## Task material
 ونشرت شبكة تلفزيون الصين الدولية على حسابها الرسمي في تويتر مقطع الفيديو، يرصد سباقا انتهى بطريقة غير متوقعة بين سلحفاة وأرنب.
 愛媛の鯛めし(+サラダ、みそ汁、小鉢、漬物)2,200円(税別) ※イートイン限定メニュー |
==
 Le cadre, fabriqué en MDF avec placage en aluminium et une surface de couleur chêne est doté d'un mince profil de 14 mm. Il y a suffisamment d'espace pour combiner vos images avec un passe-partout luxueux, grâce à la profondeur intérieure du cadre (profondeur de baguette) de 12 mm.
...
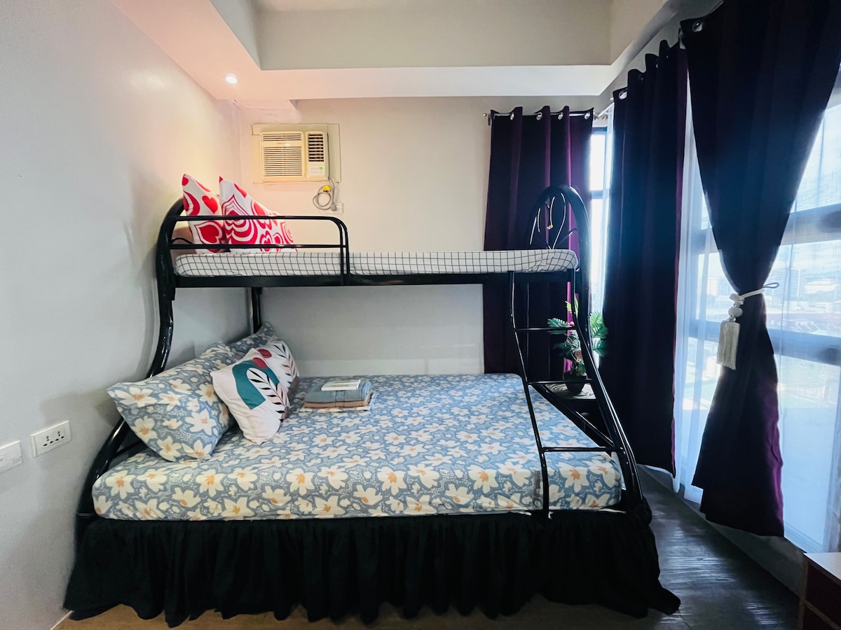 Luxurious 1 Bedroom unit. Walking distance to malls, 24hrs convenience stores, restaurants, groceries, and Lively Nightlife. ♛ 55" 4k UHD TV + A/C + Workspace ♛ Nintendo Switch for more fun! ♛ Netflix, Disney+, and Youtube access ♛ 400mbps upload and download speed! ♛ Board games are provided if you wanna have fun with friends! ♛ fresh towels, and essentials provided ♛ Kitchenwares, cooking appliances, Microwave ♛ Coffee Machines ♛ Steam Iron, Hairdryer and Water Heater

## What is being asked
In your answer, include only the lines above starting at the line that holds "ونشرت شبكة تلفزيون" and ending at the line that holds "愛媛の鯛めし(+サラダ、みそ汁、小鉢、漬物)2,200円(税別) ※イートイン限定メニュー |", copied exactly.

## Solution to this problem
 ونشرت شبكة تلفزيون الصين الدولية على حسابها الرسمي في تويتر مقطع الفيديو، يرصد سباقا انتهى بطريقة غير متوقعة بين سلحفاة وأرنب.
 愛媛の鯛めし(+サラダ、みそ汁、小鉢、漬物)2,200円(税別) ※イートイン限定メニュー |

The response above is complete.